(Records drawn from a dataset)
=======
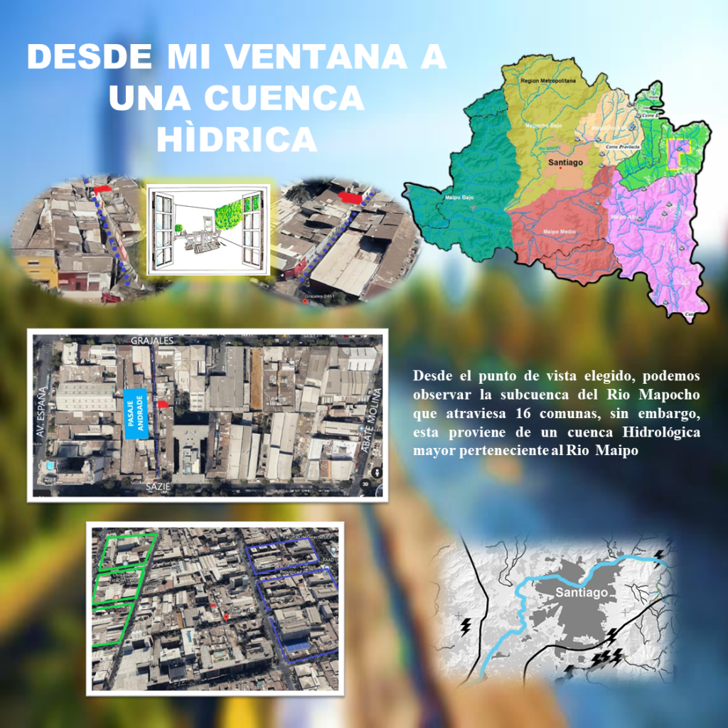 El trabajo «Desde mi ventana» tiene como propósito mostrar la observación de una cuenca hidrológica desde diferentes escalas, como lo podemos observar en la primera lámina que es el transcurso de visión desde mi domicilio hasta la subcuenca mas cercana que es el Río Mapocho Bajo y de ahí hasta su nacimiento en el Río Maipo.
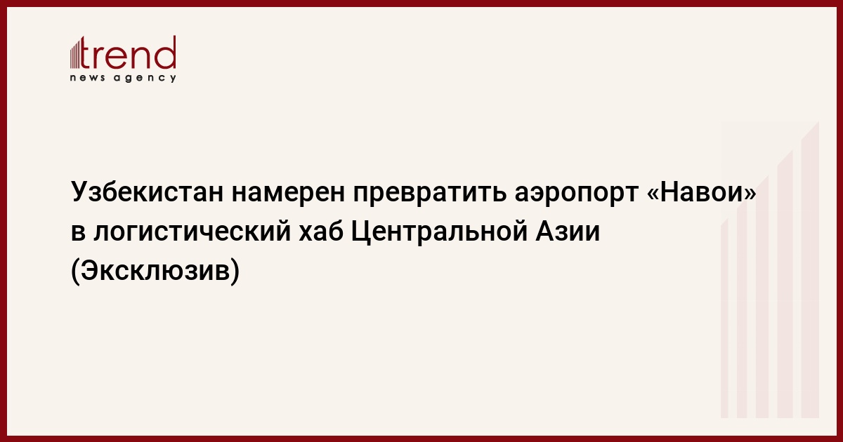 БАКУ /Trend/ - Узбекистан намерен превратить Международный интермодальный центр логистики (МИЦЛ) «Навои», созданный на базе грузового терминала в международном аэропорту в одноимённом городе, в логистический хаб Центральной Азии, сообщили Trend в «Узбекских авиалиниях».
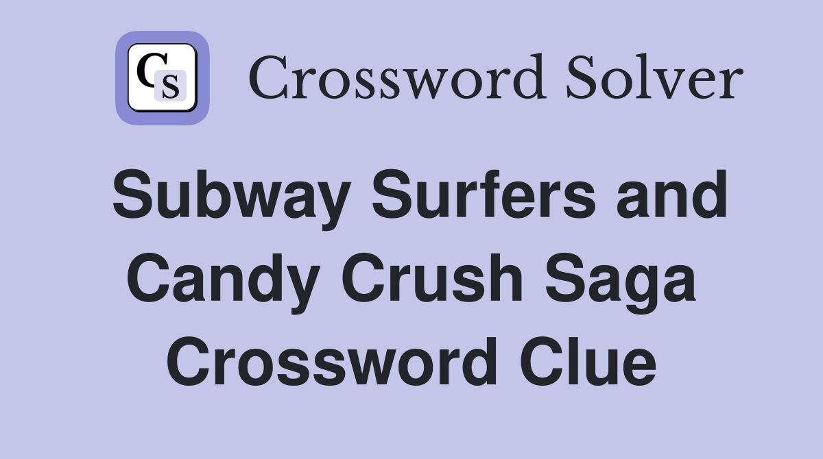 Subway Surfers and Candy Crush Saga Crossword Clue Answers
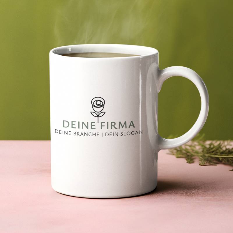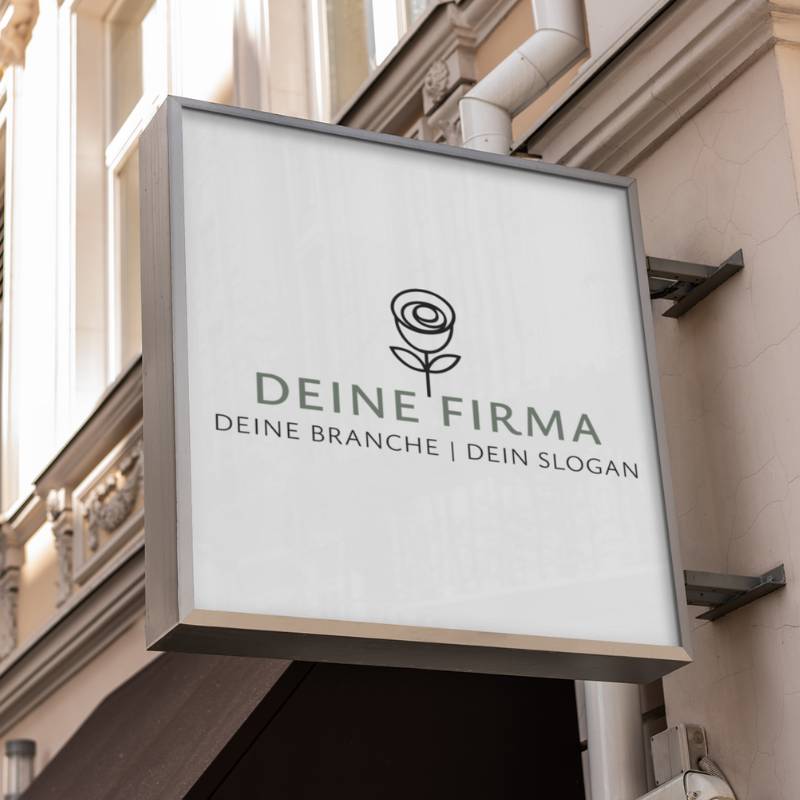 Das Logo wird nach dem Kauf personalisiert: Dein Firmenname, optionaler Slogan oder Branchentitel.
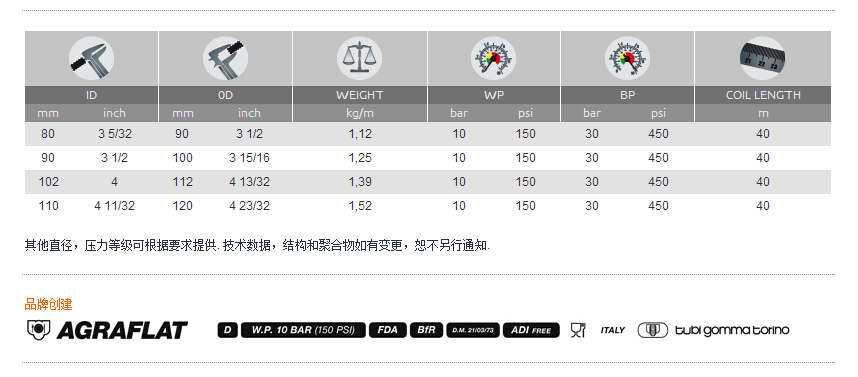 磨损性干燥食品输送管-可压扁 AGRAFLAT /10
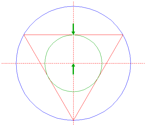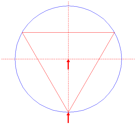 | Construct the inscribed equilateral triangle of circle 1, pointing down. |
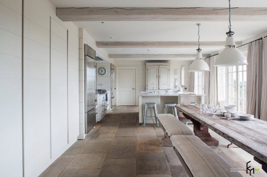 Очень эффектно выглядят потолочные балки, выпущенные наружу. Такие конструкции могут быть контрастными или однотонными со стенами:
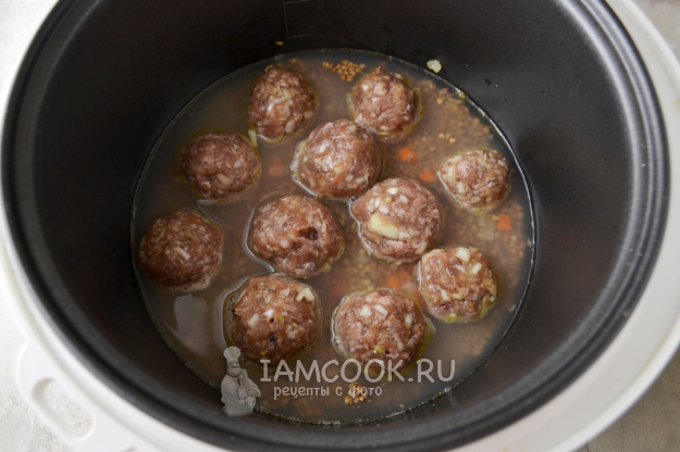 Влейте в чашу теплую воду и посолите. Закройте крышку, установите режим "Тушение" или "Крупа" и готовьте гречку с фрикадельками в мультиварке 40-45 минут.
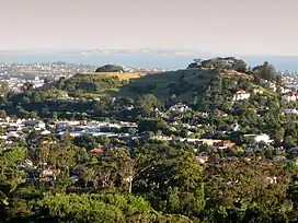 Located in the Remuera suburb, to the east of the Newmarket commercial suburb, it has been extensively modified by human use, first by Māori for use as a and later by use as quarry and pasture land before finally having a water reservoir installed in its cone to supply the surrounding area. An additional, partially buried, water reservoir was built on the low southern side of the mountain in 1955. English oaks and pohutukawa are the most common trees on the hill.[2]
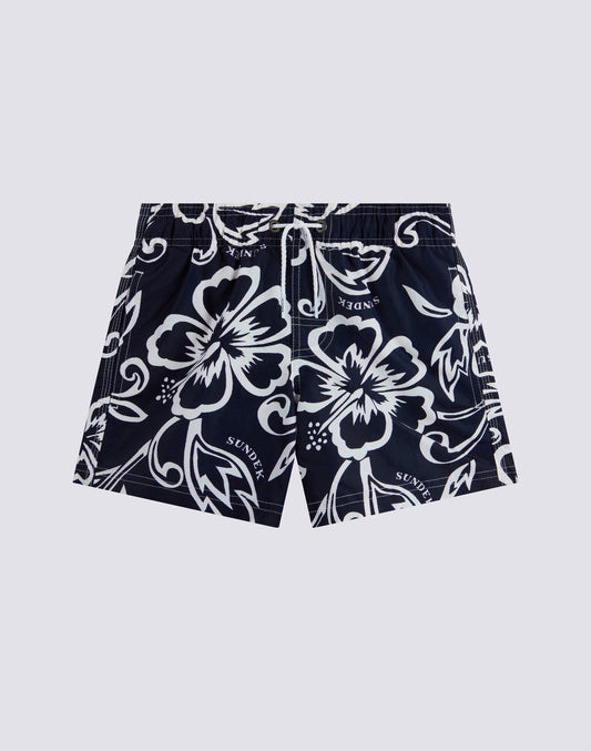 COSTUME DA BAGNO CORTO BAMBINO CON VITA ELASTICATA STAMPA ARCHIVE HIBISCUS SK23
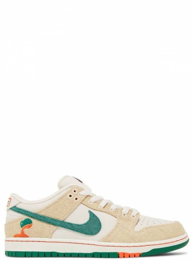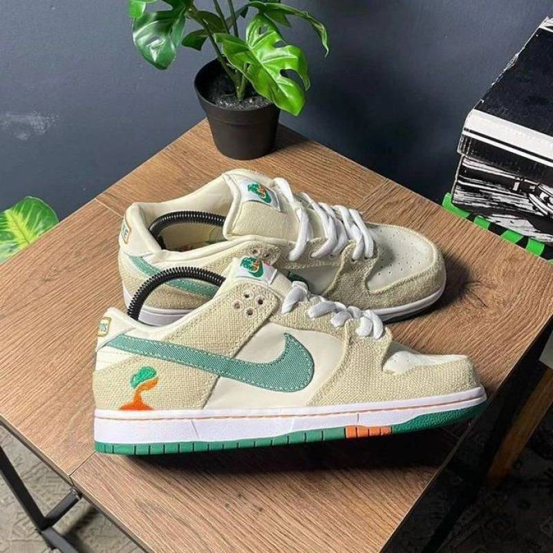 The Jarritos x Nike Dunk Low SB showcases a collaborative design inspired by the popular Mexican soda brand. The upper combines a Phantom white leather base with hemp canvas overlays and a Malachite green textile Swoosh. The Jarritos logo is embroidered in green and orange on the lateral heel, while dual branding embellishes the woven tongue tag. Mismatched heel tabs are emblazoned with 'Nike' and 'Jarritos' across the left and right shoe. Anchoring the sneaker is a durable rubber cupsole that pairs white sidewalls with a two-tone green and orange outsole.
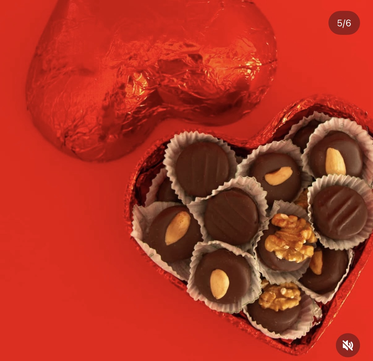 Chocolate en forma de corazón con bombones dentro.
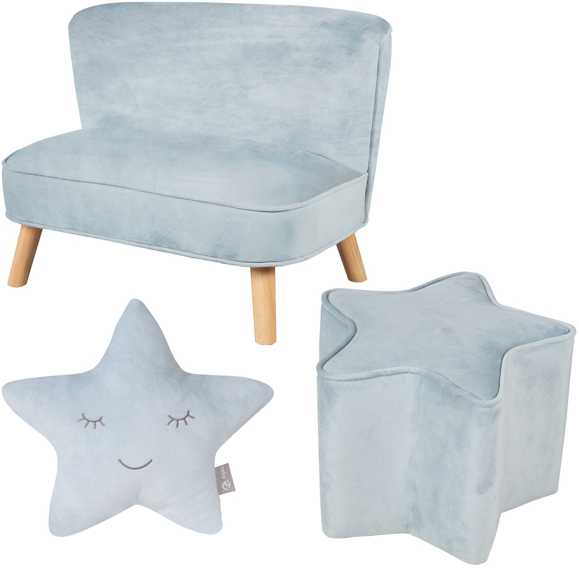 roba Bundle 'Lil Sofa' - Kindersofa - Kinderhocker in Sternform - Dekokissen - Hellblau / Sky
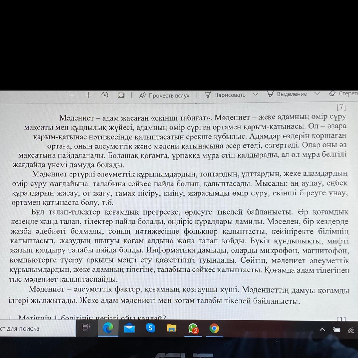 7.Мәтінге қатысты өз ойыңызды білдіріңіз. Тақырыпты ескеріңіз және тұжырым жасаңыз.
=======
### Exercise description:
With the pictures omitted, print the lines above exactly, beginning at the line with "БАКУ /Trend/ - Узбекистан" and going on through the line with "Влейте в чашу".

### Answer for the task:
 БАКУ /Trend/ - Узбекистан намерен превратить Международный интермодальный центр логистики (МИЦЛ) «Навои», созданный на базе грузового терминала в международном аэропорту в одноимённом городе, в логистический хаб Центральной Азии, сообщили Trend в «Узбекских авиалиниях».
 Subway Surfers and Candy Crush Saga Crossword Clue Answers
 Das Logo wird nach dem Kauf personalisiert: Dein Firmenname, optionaler Slogan oder Branchentitel.
 磨损性干燥食品输送管-可压扁 AGRAFLAT /10
 | Construct the inscribed equilateral triangle of circle 1, pointing down. |
 Очень эффектно выглядят потолочные балки, выпущенные наружу. Такие конструкции могут быть контрастными или однотонными со стенами:
 Влейте в чашу теплую воду и посолите. Закройте крышку, установите режим "Тушение" или "Крупа" и готовьте гречку с фрикадельками в мультиварке 40-45 минут.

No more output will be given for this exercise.